No longer ignored, the recently impressive rallies among China exchange traded funds are, finally, getting some much-deserved attention.

That means a lot of eyeballs are turning to the iShares China Large-Cap ETF (NYSEArca: FXI). With $5.3 billion in assets under management, FXI is the largest China ETF. It is also the most heavily traded and home to the most robust options market of any China ETF. [Ignored Rally for China ETFs]

FXI also has some well-documented flaws that make the ETF overrated in the eyes of some.

“FXI’s flaws make up a double whammy. First, while it’s the largest China ETF, with $5.3 billion in assets, it’s also the narrowest. It tracks 25 stocks, and has a disproportionate 55 percent allocation to the financial sector,” reports Eric Balchunas for Bloomberg.

In fairness, FXI has surged 23.4% since March 20, when it and some rival China ETFs showed signs of bottoming. That is an undeniably impressive performance. What also cannot be denied is that long-term investors have been disappointed by FXI.

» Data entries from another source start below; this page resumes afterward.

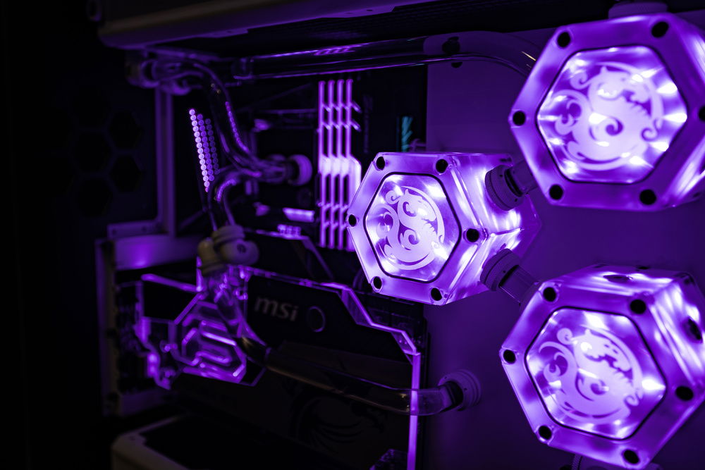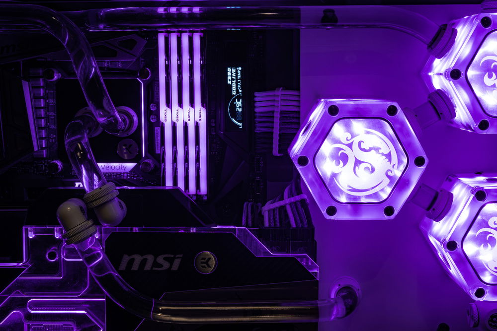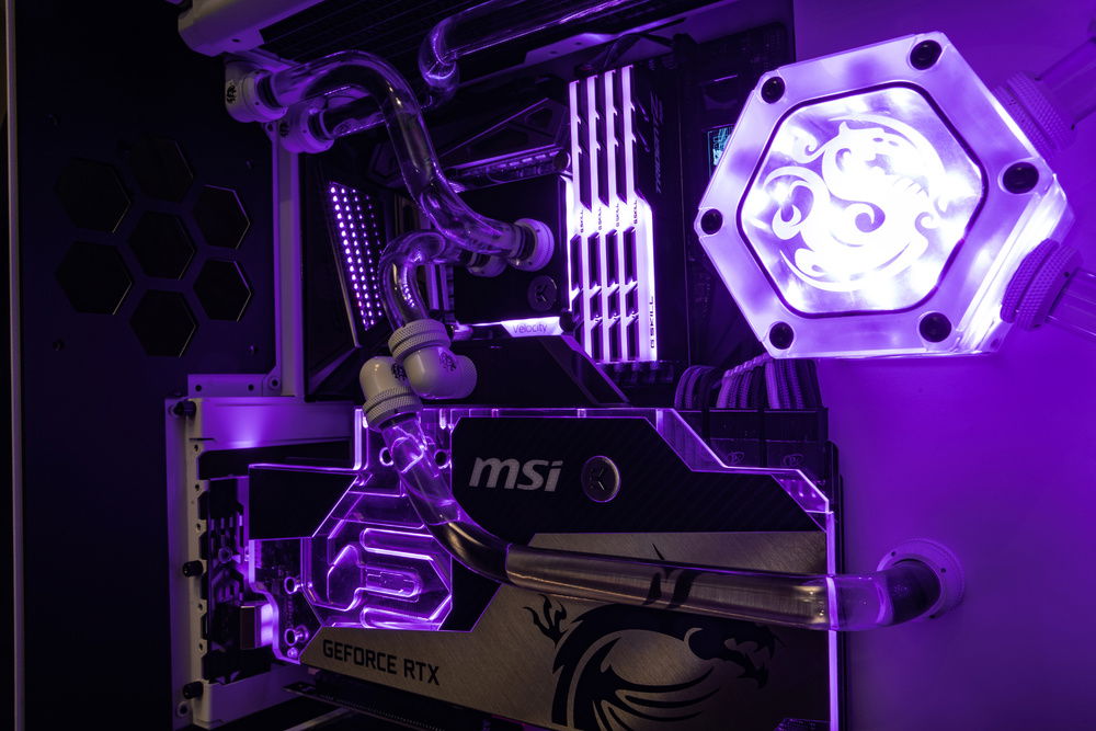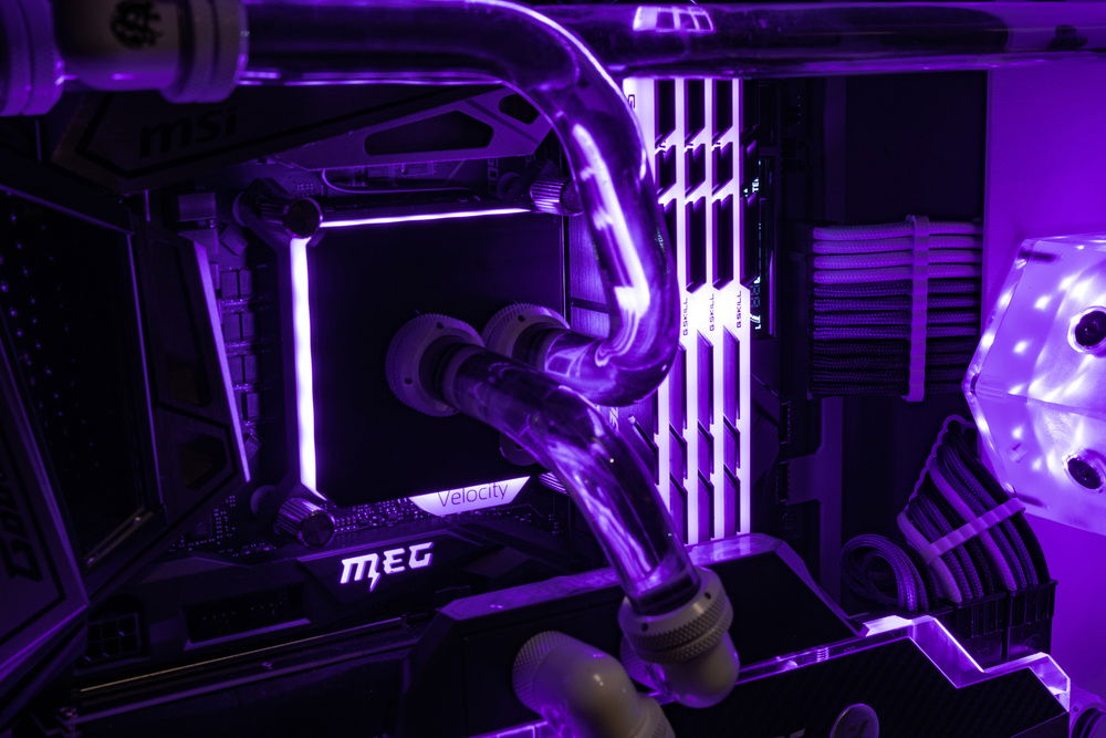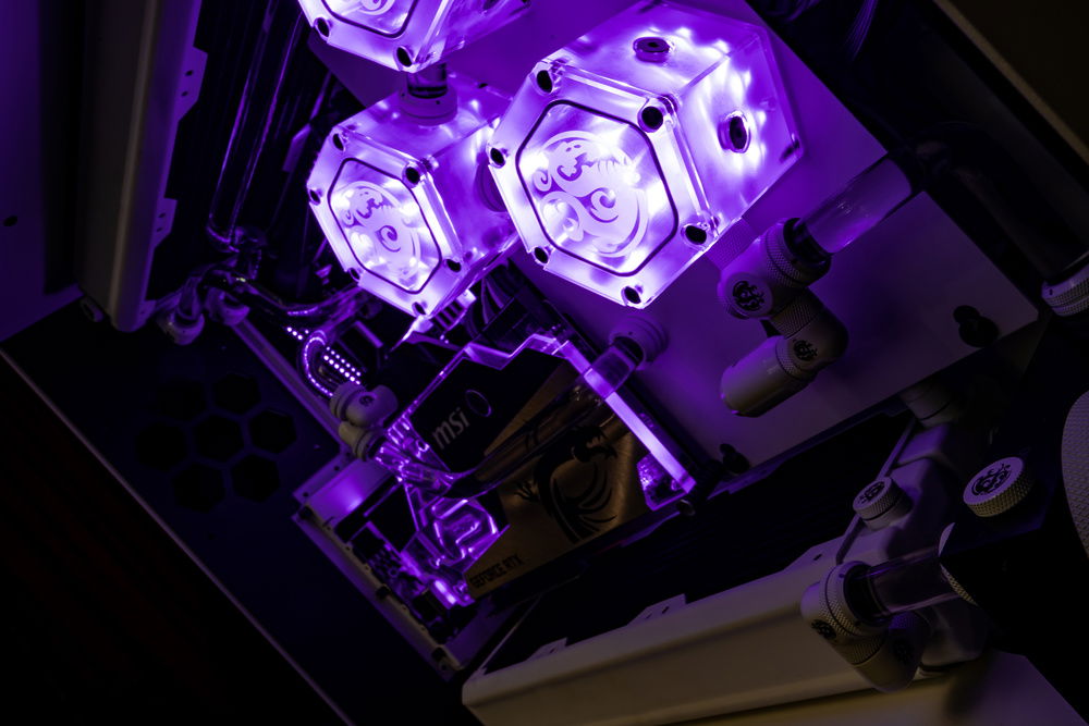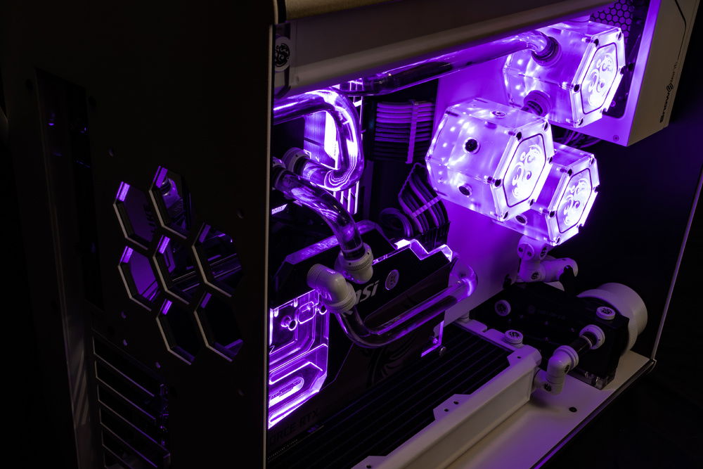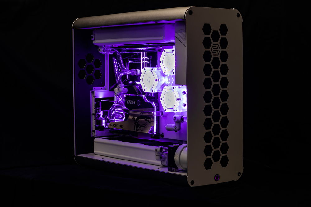 This is my second iteration of my Hexistential build using the fantastic Hex Gear R80 case. I wanted to do a vertical GPU build, however the Cable mod kit pushed the ridiculously huge Seahawk 2080ti too far into the Reservoir plate. So i tried my hand at some very light modding to support the vertical gpu and used the Cablemod pcie extender from the vertical gpu kit by itself which turned out really well I think!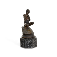 Brown and dark patina bronze, signed on the reverse, on circular black marble base.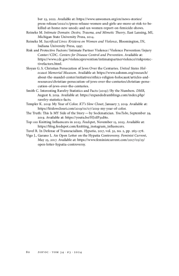 37. Reineke M. Sacrificed Lives: Kristeva on Women and Violence. Bloomington, IN: Indiana University Press, 1997.
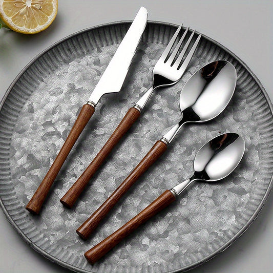 4-teiliges Steakmesser- und Besteckset im japanischen Stil, aus 304 Edelstahl mit eleganten Holzgriffen, inklusive Abendmesser, Gabel, Löffel und Essstäbchen für westliche und asiatische Küche

Over the three years ending Aug. 1, FXI is up just 3.6%, according to ETF Replay data. That is less than half the return posted by the iShares MSCI China ETF (NYSEArca: MCHI) and less than a third of the performance by the SPDR S&P China ETF (NYSEArca: GXC) over the same period. [A Resurgent China ETF]

Perhaps that is not a coincidence when considering MCHI and GXC hold 142 an 283 stocks, respectively. MCHI charges 0.62% per year while GXC charges 0.59%, both below the 0.74% annual fee on FXI.